Sus ojos no lo podían creer. Por más que escudriñaba, simplemente le parecía asombroso ver concentrada tanta agua frente a él. Tenía miedo. Estaba confundido. Para su edad le parecía imposible lo que sus ojos veían. Se encontraba cerca de la orilla y nunca se atrevió a dar un paso al frente. Fue entonces que sintió cuando su padre lo tomaba cariñosamente de la mano. Eso le dio la confianza necesaria para acercarse un poco. Sólo así permitió que la parte final de una ola acariciara sus pies. El agua estaba fría. Se acercaba y se retiraba cientos de veces. Así conoció el mar, el inmenso mar...
Después de perderle el miedo, sin dejar de mostrarle respeto, se lanzó entre las olas y se dejó llevar por una inmensa alegría. Su hermanito (mayor que él por un año) y su hermanita (la primogénita), detrás de él, hacían lo mismo. Corrían, gritaban, brincaban... la experiencia se convirtió en grandiosa y apenas llevaban unas cuántas horas en la playa. Un poco retirada, su madre los observaba con emoción. Ella no se podía acercar pues tenía ocho meses de embarazo. En su vientre Verónica también se emocionaba y pateaba al ver a sus hermanos divertirse. Se quería salir para jugar con ellos pero sabía que le faltaba tiempo para que los conociera. Mientras, Don Carlos hacía amistad (como es su costumbre) con todos los nativos que vivían en esa zona. A todos saludaba, a todos les regalaba una sonrisa y de todos siempre aprendía algo nuevo...
Los dos hermanitos y la hermana mayor por fin se agotaron de chapotear a la orilla de la playa. Comenzaron a dispersarse y a entretenerse cada uno con diferentes actividades. El protagonista de esta historia decidió alejarse un poco, sin perder de vista la ubicación permanente de sus padres, y comenzó a cavar en la arena. Pronto se dio cuenta de que estaba construyendo un castillo. Los cimientos (sin que él se percatara) los fue amasando sólidamente. Sabía que una ola podía llegar y desmoronar su trabajo, así que decidió formar zanjas alrededor para diluir el poder del agua. Y siguió con su castillo. Intempestivamente, y sin darse cuenta, alguien comenzó a ayudarlo. Una niña, mucho más pequeña que él, se fue acercando hasta que comenzó a moldear con detalles la entrada del castillo: el interior, los pisos, la altura, las cornisas, los balcones. Aunque el Sol golpeaba sus espaldas, ellos siguieron creando lo que sería después su obra maestra. Aunque el silencio imperaba en muchos lapsos de tiempo, las palabras que se decían uno al otro eran algo más allá de lo imaginable. Con sutileza, con complicidad, con emoción. Pero muchas más las decían con las miradas, con las pupilas...

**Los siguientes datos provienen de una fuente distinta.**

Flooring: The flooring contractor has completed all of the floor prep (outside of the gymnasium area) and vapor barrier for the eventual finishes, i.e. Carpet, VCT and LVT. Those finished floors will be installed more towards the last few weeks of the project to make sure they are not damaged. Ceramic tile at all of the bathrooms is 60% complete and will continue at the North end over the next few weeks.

Mientras Don Carlos ayudaba a unos pescadores a acercar la lancha a zona de distribución de los mariscos, la nueva pareja finalizaba su castillo. Realmente era precioso. Por fuera parecía que tenía sólo dos plantas, pero viéndolo a detalle se asomaban cinco pisos completos con recamaras, cuartos de servicio, baños, salas, un comedor y una gigantesca cocina. Cuando ellos se levantaron del piso se dieron cuenta de que mucha gente los rodeaba. En realidad miraban asombrados esa obra maestra. Un par de chamacos había construido un formidable castillo, resguardado por los cuatro lados para evitar su derrumbe y la fueria del mar. La hermanita mayor corrió por la cámara fotográfica y se hartó de tomar imágenes de tan bella construcción. Todos felicitaron a los creadores, incluso hasta los lancheros ofrecieron una maravillosa cena con todo tipo de mariscos para festejar. La tarde fue maravillosa. Él se sentía aprisionado, como si estuviera entre dos piernas, de la paz y felicidad del momento. A ella, en cambio, las mejillas se le enrojecían, los delineados y carnosos labios se le inflamaban sutilmente por el efecto de morderlos por mucho tiempo, mientras construían el castillo.
La tarde se fue, llegó la noche y con ella la despedida y la maravillosa comida. Ellos sabían que se encontrarían después. Quizá en uno o en dos días o en una semana. Era un pacto sin palabras, un acuerdo silencioso.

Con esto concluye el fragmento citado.